● THE TASK: Each line of the listing must be transcribed exactly, except for the images, which should be excluded.

START SOURCE MATERIAL

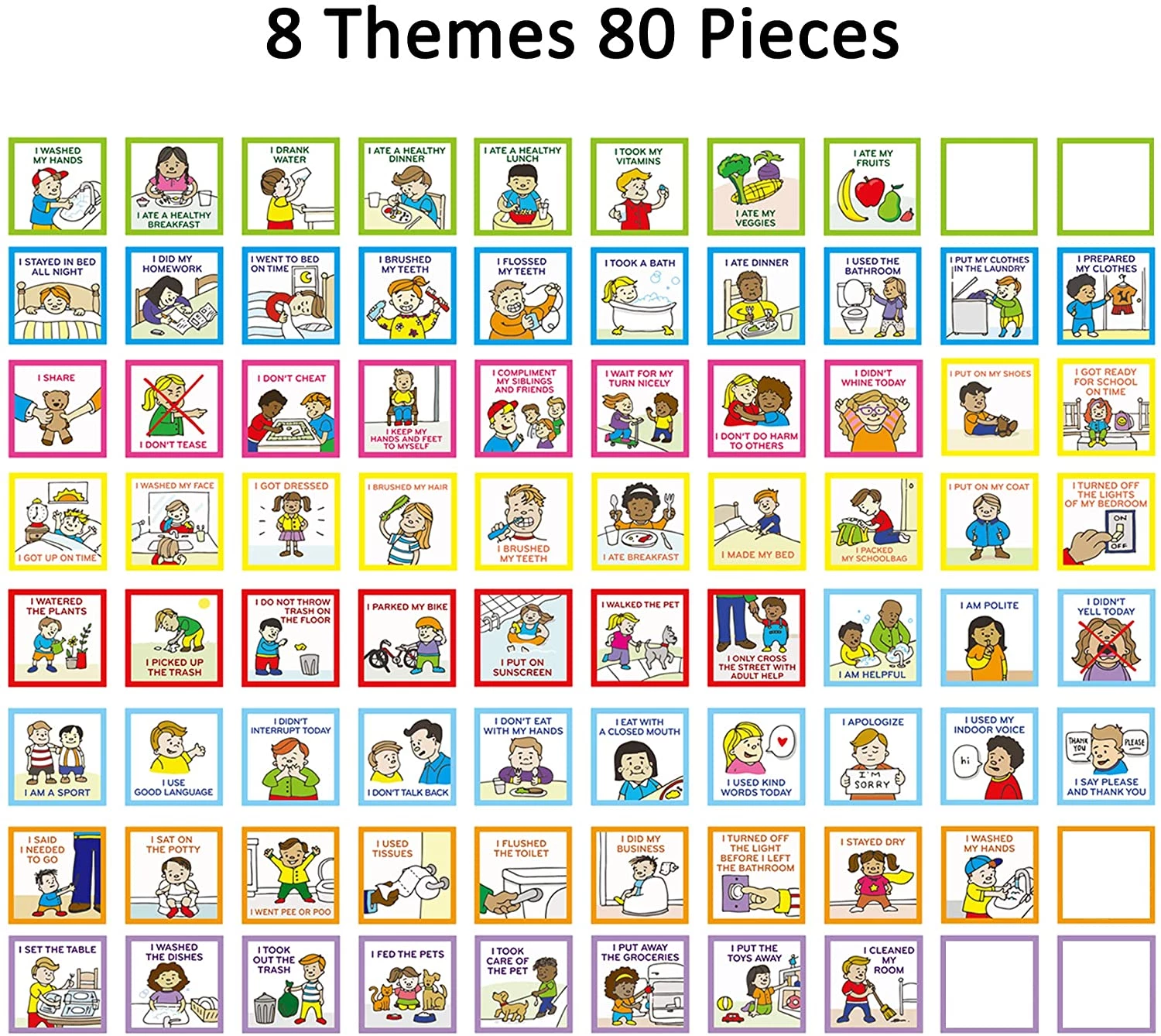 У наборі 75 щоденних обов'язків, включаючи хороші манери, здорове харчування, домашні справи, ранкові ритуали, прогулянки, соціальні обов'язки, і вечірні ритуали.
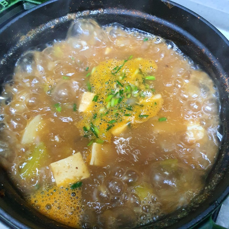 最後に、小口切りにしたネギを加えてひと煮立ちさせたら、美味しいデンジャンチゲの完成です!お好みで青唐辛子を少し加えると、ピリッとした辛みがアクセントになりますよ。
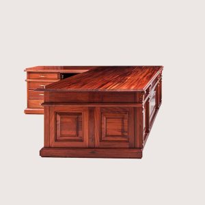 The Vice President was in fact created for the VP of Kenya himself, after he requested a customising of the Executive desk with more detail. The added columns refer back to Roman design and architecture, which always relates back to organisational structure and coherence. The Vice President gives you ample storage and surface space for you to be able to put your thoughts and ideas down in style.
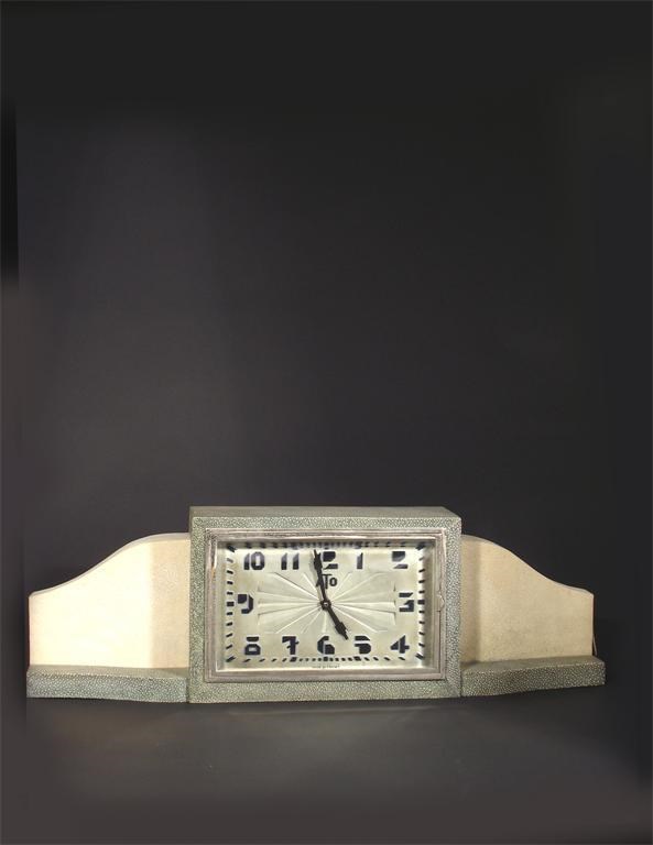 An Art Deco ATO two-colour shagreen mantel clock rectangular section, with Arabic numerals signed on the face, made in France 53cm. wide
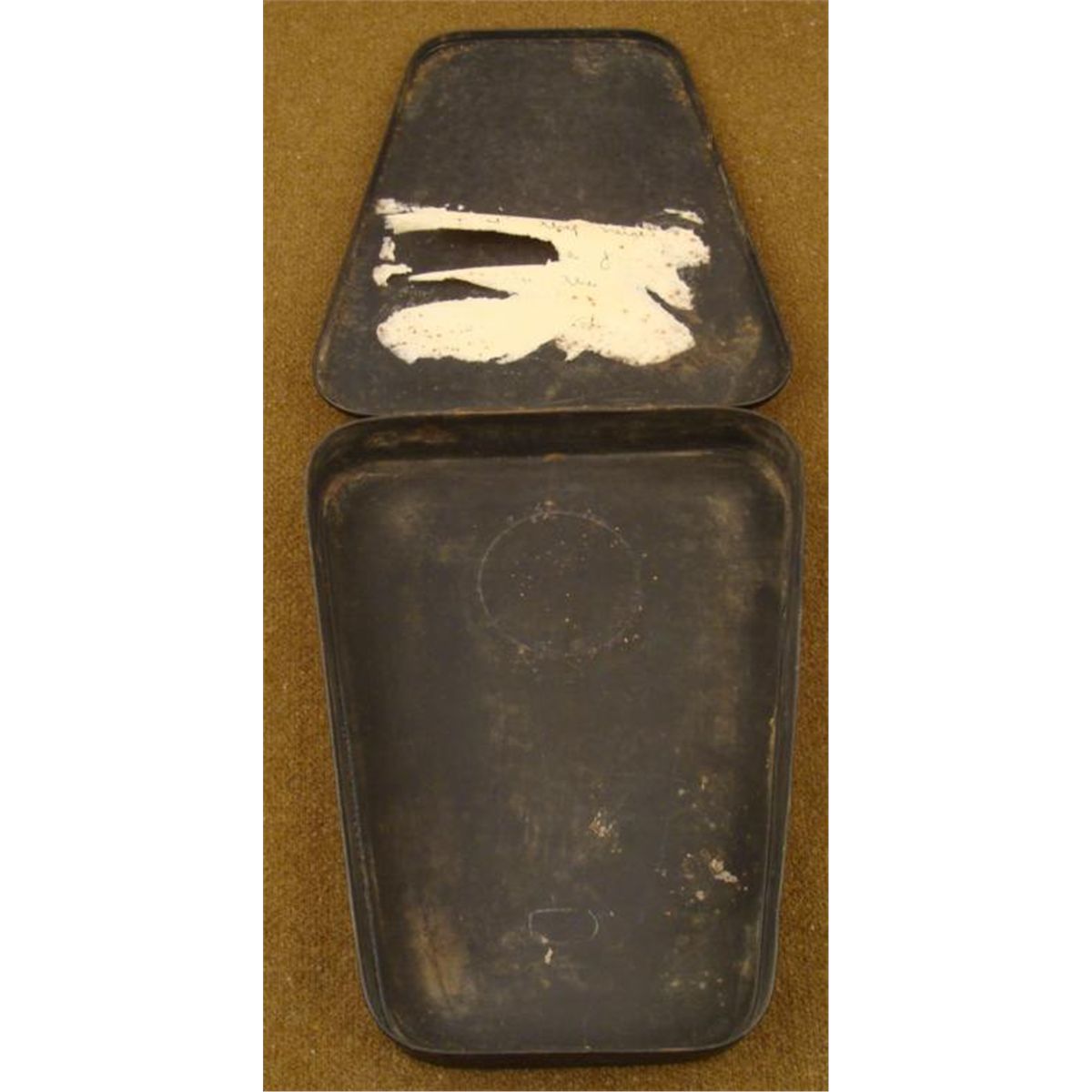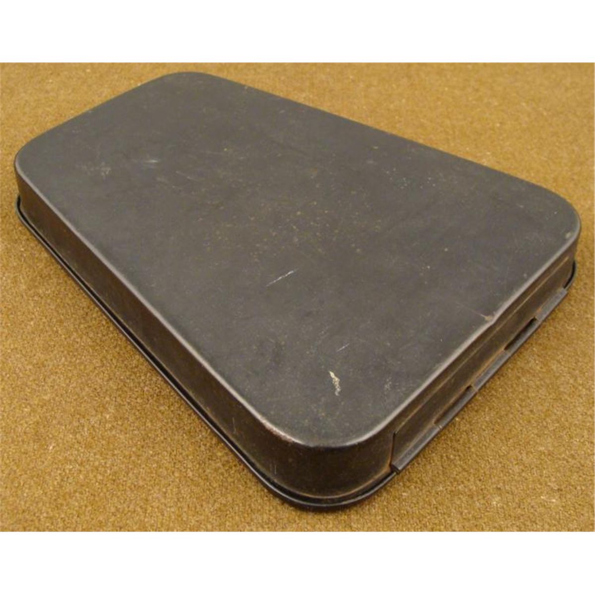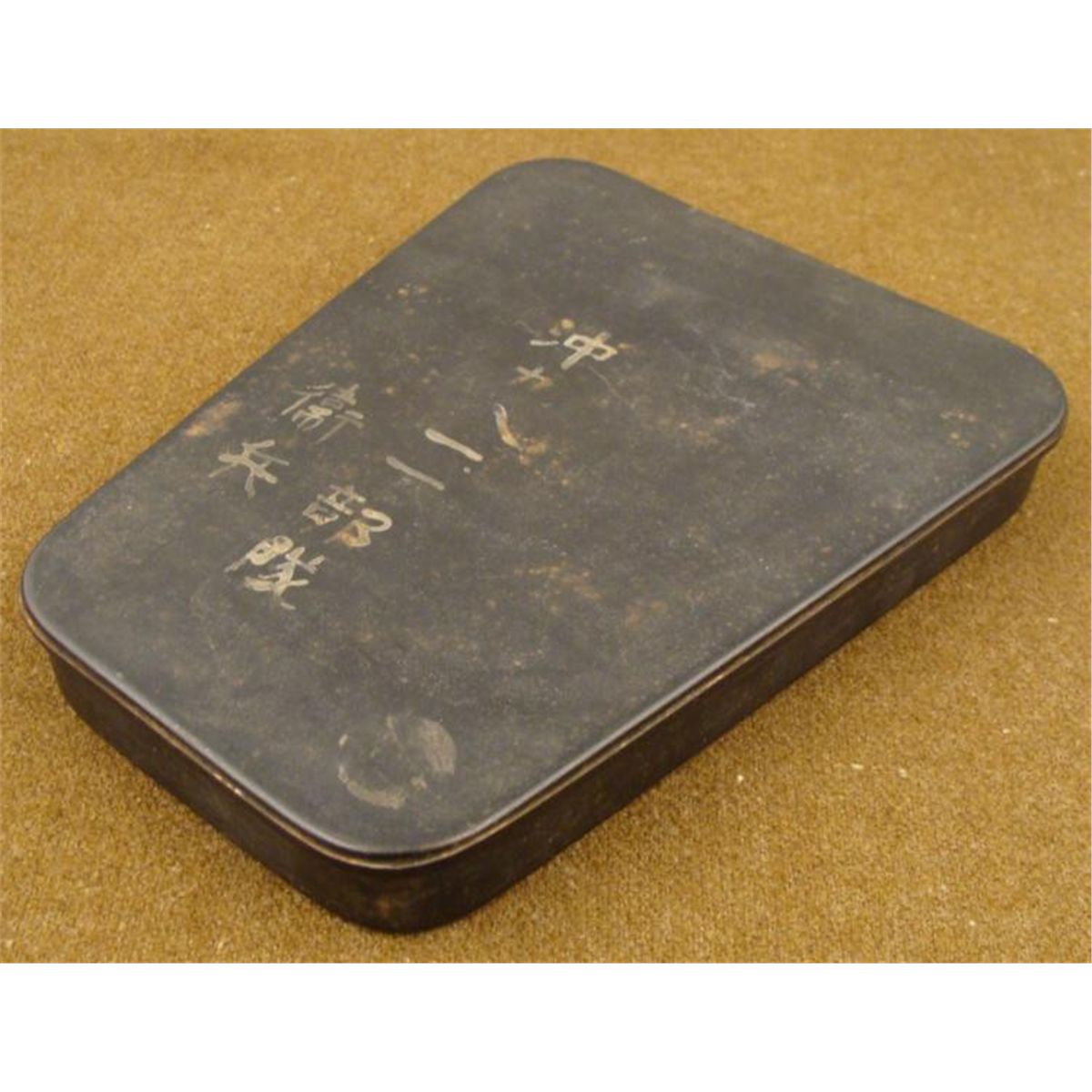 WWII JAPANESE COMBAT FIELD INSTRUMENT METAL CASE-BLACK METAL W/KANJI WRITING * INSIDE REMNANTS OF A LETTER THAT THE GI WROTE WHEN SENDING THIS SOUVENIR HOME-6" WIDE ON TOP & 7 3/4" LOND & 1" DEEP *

END SOURCE MATERIAL

● SOLUTION:
 У наборі 75 щоденних обов'язків, включаючи хороші манери, здорове харчування, домашні справи, ранкові ритуали, прогулянки, соціальні обов'язки, і вечірні ритуали.
 最後に、小口切りにしたネギを加えてひと煮立ちさせたら、美味しいデンジャンチゲの完成です!お好みで青唐辛子を少し加えると、ピリッとした辛みがアクセントになりますよ。
 The Vice President was in fact created for the VP of Kenya himself, after he requested a customising of the Executive desk with more detail. The added columns refer back to Roman design and architecture, which always relates back to organisational structure and coherence. The Vice President gives you ample storage and surface space for you to be able to put your thoughts and ideas down in style.
 An Art Deco ATO two-colour shagreen mantel clock rectangular section, with Arabic numerals signed on the face, made in France 53cm. wide
 WWII JAPANESE COMBAT FIELD INSTRUMENT METAL CASE-BLACK METAL W/KANJI WRITING * INSIDE REMNANTS OF A LETTER THAT THE GI WROTE WHEN SENDING THIS SOUVENIR HOME-6" WIDE ON TOP & 7 3/4" LOND & 1" DEEP *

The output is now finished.